Earlier this year also saw Passion Republic collaborating with Naughty Dog for Uncharted 4: A Thief’s End, a critically-acclaimed top-selling game worldwide. This itself is already a testament of Malaysia growing as a creative content hub, with the right talent to thrive in the industry.

Hasnul believes there is still so much undiscovered talent within our own borders. “Take Wan Hazmer, for example. If he can make it into a world-renowned studio such as Square Enix, other local game artists and designers can also achieve the same success or even surpass those achievements in future,” said Hasnul.

4. The community is moving from consumers to creators

Many game developers have a common starting point: they were gamers first who loved the experiences they had, and wanted to create something of their own.

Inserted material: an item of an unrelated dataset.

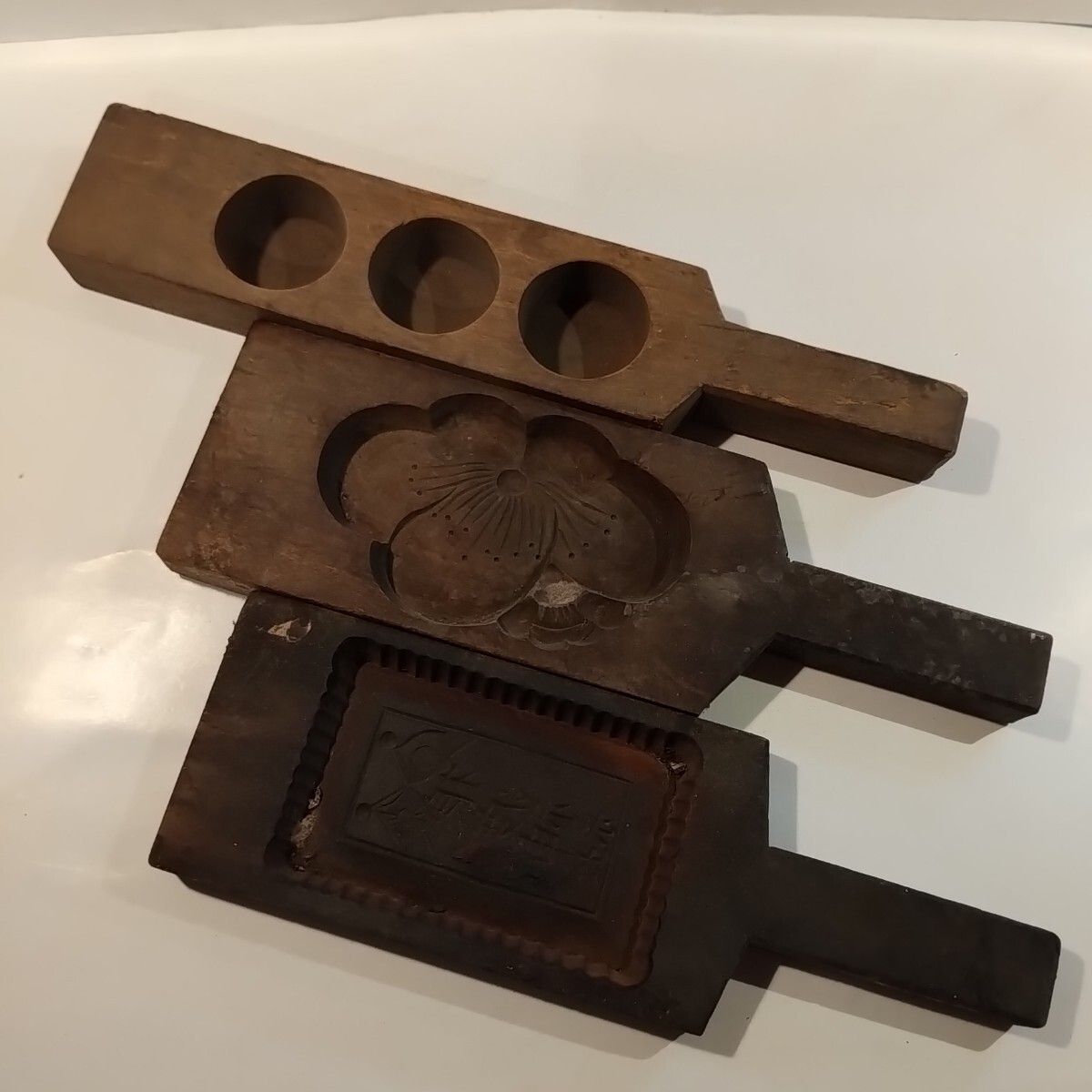 - 木製菓子型 木彫 当時物 古道具 和菓子 レトロ a26

“The gaming industry is much more transparent today. People play games and they want to know how it works. Most importantly, gamers have great imagination or great stories that they want to convey through games and share with everyone. It’s almost similar to being a writer or a filmmaker—you have great passion for games, a captivating story and you want to share them with other gamers in the world,” said Hasnul.

Malaysia has begun taking the first few steps in discovering incredible creative talents to help identify and invest in their ideas that can enhance the nation’s talent pool. Events such as Kre8tif! Conference, LEVEL UP, IMGA and more are some chances our local community can join to be noticed for their creativity and innovation.

level-up-2016As part of its commitment to building a world-class gaming ecosystem in Malaysia and the region, MDEC is set to host LEVEL UP Kuala Lumpur 2016, one of Southeast Asia’s premier gaming conferences, to be held in Kuala Lumpur 5th to 9th November.

The event seeks to bring together prominent international and local players in the gaming industry to interact, educate and share knowledge on a wide range of subjects from content development to fundraising and business development and marketing.

“Fuelled by our local-grown talents, the government’s continuous support and market openness to investors, Malaysia is leading the charge to accelerate the growth and development of the games industry with our rising reputation as the leading hub for games development in Southeast Asia. MDEC is committed to recognizing and investing in talent pool as well as facilitating opportunities for game IP creation and commercialisation,” said Hasnul.